Nach der Unterzeichnung der Verwaltungsvereinbarung zwischen Bund und Ländern geht es nun an die Umsetzung in den Ländern. Jedes Land wird eine Förderrichtlinie veröffentlichen, die die Einzelheiten regelt, insbesondere das Antragsverfahren.

Ab wann können Fördermittel aus dem DigitalPakt beantragt werden?

Nach der Unterzeichnung des DigitalPakts Schule gibt jedes Land in nächster Zeit selbst den Startschuss für eine Beantragung. Denn die Fördermittel werden beim Land beantragt, nicht beim Bund. Jedes Land wird für diesen Zweck eine eigene, mit dem Bund abgestimmte Förderrichtlinie herausgeben, die die Einzelheiten der Förderung festlegt, insbesondere ab wann Anträge gestellt werden können und bei welcher Stelle. Wenn alles zügig geht, könnten die ersten Schulen noch in diesem Jahr mit ihren Investitionsmaßnahmen beginnen.

Welche Gegenstände können die Schulen mit den DigitalPakt-Mitteln kaufen?

Bund und Länder haben sich in der Verwaltungsvereinbarung auf Fördergegenstände und -bedingungen verständigt.
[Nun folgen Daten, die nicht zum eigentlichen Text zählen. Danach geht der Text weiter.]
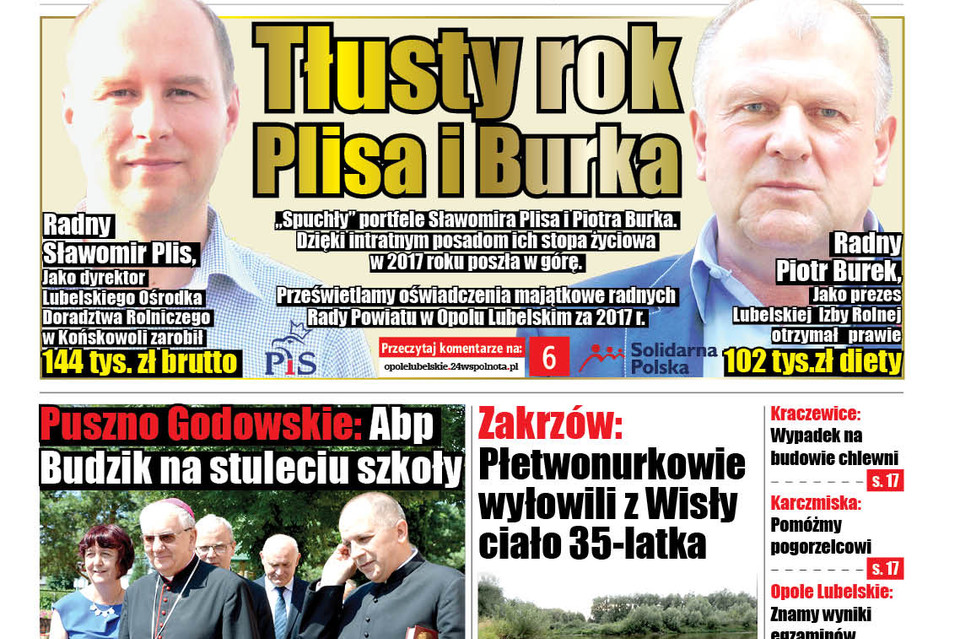 Uwagę zwraca kilka oświadczeń. W 2017 r. poprawiła się dola radnych opozycyjnych. Sławomira Plisa i Pawła Karczmarczyka z PiS oraz Piotra Burka z Klubu Porozumienie Powiatowe. Do kieszeni radnego Burka wpadło o ponad 4 tys.zł więcej. Chodzi o dietę, jaką pobiera pełniąc funkcję prezesa Lubelskiej Izby Rolniczej. W 2017 r. Burek zarobił w LIR prawie 102 tys.zł.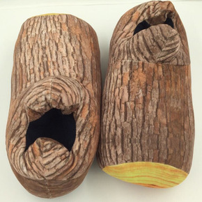 原木树桩棉拖鞋 创意树木造型保暖包跟 冬天家用室内...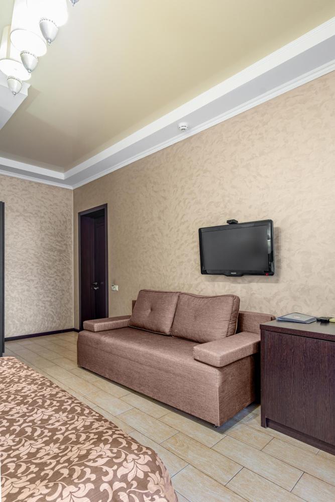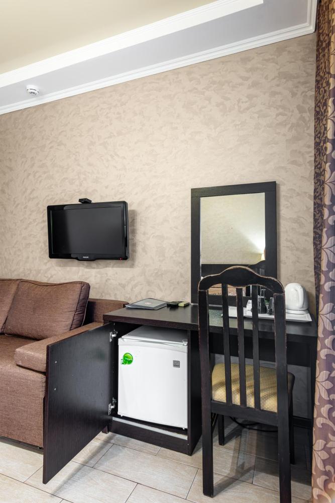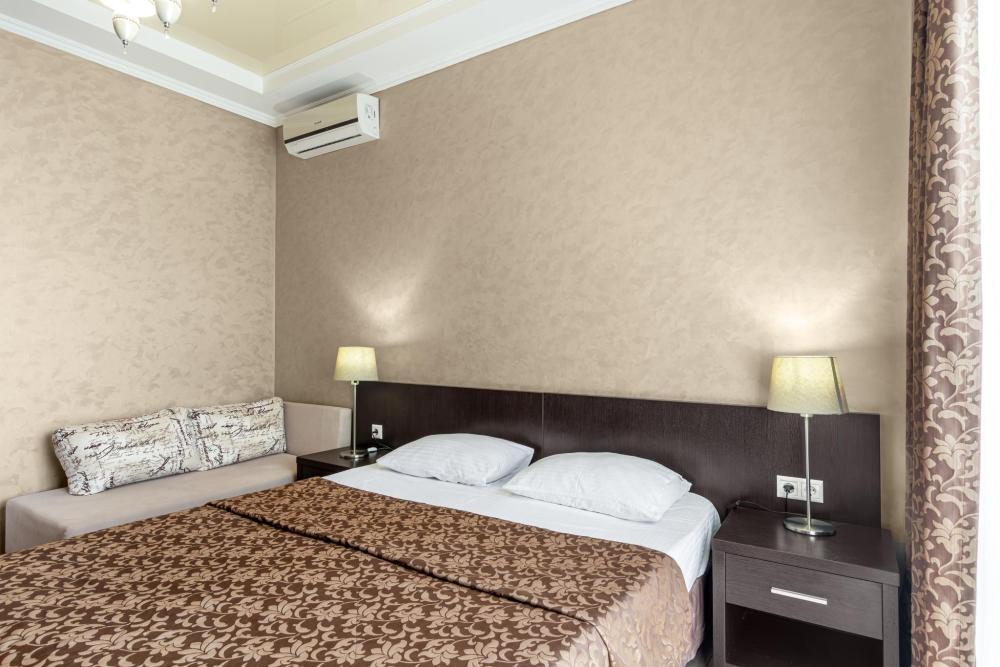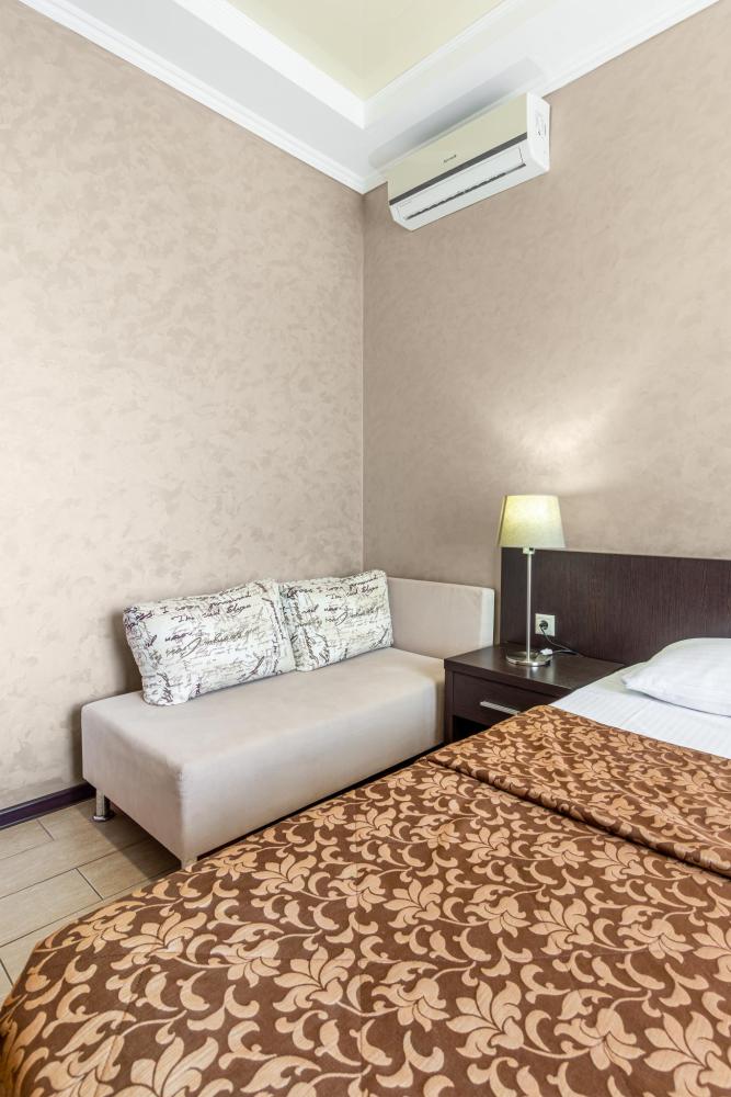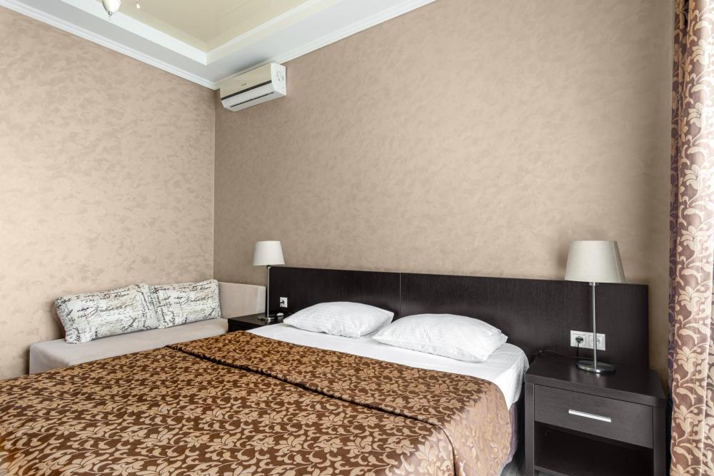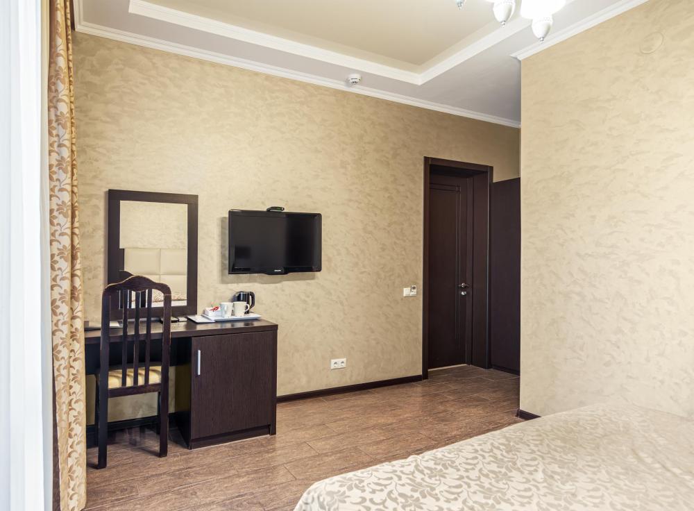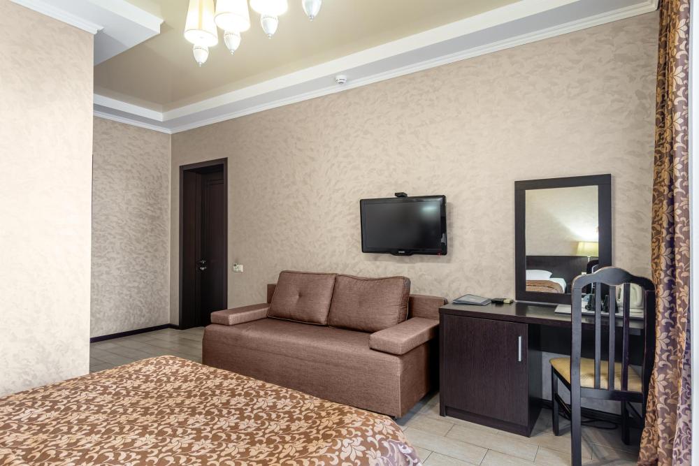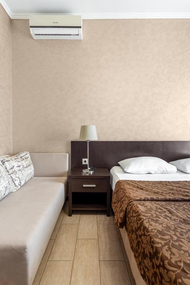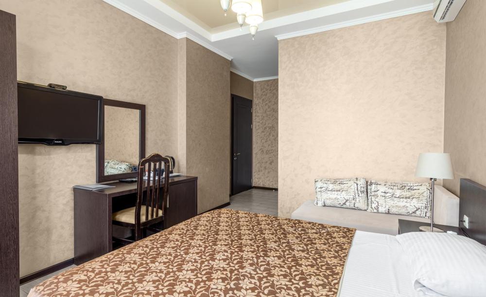 Трехместная комната полулюкс с балконом, оборудованная всем необходимым для комфортного проживания. В комнате: двуспальная и односпальная кровати или три односпальные кровати, комплект мебели, кондиционер, холодильник, чайник, сейф, санузел с душем.
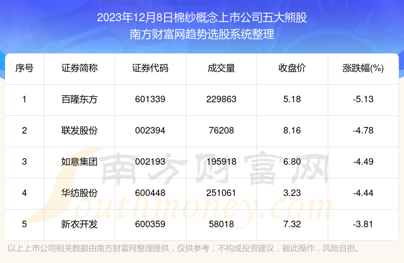截止2023年12月8日,个股表现方面,棉纱概念上市公司当日领跌股为百隆东方(601339),该股当日报收5.18,上涨-5.13%,成交量22.99万。联发股份(002394)以下跌-4.78%紧随其后,该股当日成交量7.62万。此外,如意集团(002193)、华纺股份(600448)、新农开发(600359)均进入当日棉纱概念上市公司熊股之列。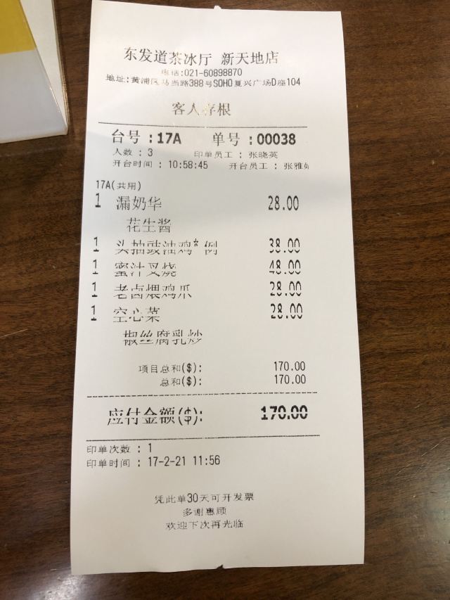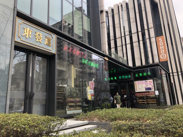 秋趣东发道茶冰厅(新天地店) 地址:马当路388号复兴SOHO沿街商铺D栋 交通:地铁13号线新天地站4号口步行不到100米 对于上海人来说,除了本帮菜,比较能接受的就是粤菜了,这些年港式餐厅在沪上也纷纷兴起,蛮受欢迎的。 东发道茶冰厅是经营较好的茶餐厅,且越来越红火,这家连锁店的创始人来自香港,他家除了口味正宗,餐厅环境设计融入了浓浓的香港文化,一些物件的摆放,充满了港式情怀,对于眼下不适合出境的大环境下,到这里用餐仿佛假装到了香港。 我门中午11点到的,已经要等座,餐厅以二至四人座为主,生意太好,餐桌位置紧凑,显得有点拥挤。 四个人点了连点心十道,果然口味很棒,豉油鸡嫩而入味,滑蛋炒虾仁虾仁不少,黑椒汁猪扒煎蛋饭很香,北海道牛乳冰很有特色,小朋友喜欢。招牌奶茶也挺好,总之,可以看出他家食材选料精,烹饪独家风味,难怪生意这么好!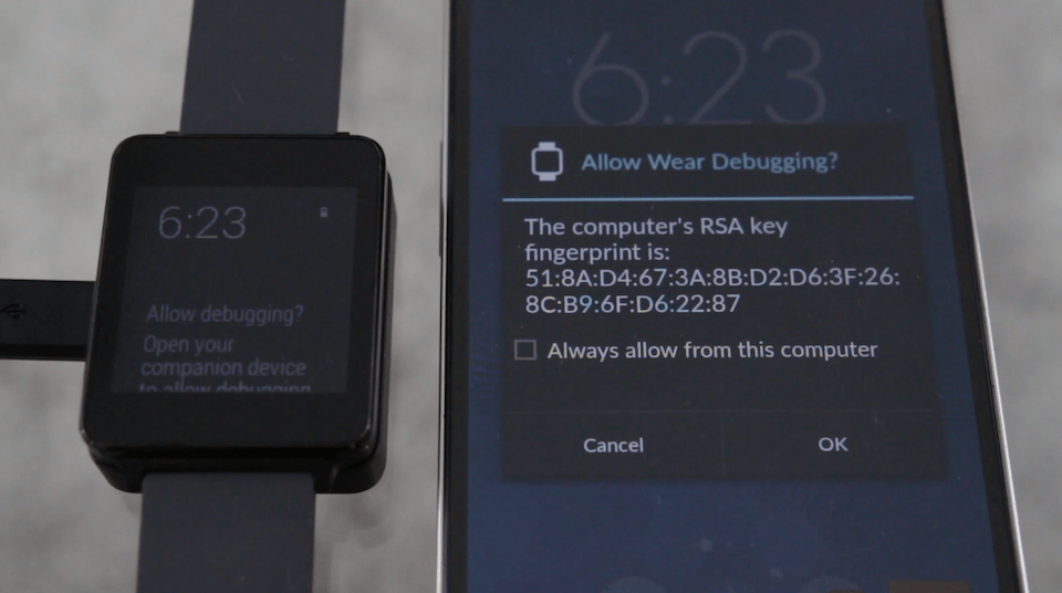We use USB debugging and ADB to send commands to the device in order to change its operating system and get it to do what we want. In the case of the LG G Watch, you can use USB debugging to then connect to the device, root it, and even flash a custom ROM to speed up it’s performance and change the UI.

Es sind spezielle digitale Arbeitsgeräte förderfähig, die in der beruflichen Ausbildung wie beispielsweise VR-Brillen für das Erlernen der Bedienung von Maschinen benötigt werden, sowie standortgebundene Anzeigegeräte in Schulen. Das sind beispielsweise interaktive Tafeln. Wenn es nach dem speziellen pädagogischen Konzept einer Schule erforderlich ist und sämtliche Infrastrukturkomponenten bereits vorhanden sind, sind in begrenztem Umfang auch Klassensätze mobiler Endgeräte förderfähig. Für die genaue Ausgestaltung der Regelung sind die Länder zuständig. Der Anteil an Fördermitteln, der für mobile Endgeräte aufgewendet wird, darf jedoch 20 % aller Fördermittel pro Schulträger nicht überschreiten. Damit versteht sich der DigitalPakt weiterhin eindeutig als Infrastrukturprogramm und und nicht als Förderprogram für Endgeräte. Mobile Endgeräte zur Nutzung durch Schülerinnen, Schüler und Lehrkräfte außerhalb des Unterrichts sind generell nicht förderfähig.

Wie soll es mit Service und Support der technischen Ausstattung weitergehen?

Es ist unabhängig vom DigitalPakt Schule die Aufgabe der Kommunen bzw. der privaten Schulträger, Betrieb, Support und Wartung der IT in den Schulen sicherzustellen. Die Länder prüfen im Antragsverfahren, ob entsprechende Konzepte vorliegen. Vielerorts übernehmen Lehrkräfte einfache technische Problembehebungen, sind Ansprechpartner für Lehrkräfte und für Schüler und Schülerinnen bei technischen Problemen und nehmen eine koordinierende Rolle wahr. Doch die Hauptaufgabe der Lehrkräfte bleibt die pädagogische Vermittlung von Kompetenzen und Inhalten und nicht die Wartung von Netzen und Geräten. Daueraufgaben der Kommunen beim Betrieb der IT wiederum darf der Bund aus verfassungsrechtlichen Gründen nicht finanzieren. Bisherige, auch vom Bundesministerium für Bildung und Forschung (BMBF) geförderte neue Ansätze wurden durch fehlende Infrastrukturen begrenzt.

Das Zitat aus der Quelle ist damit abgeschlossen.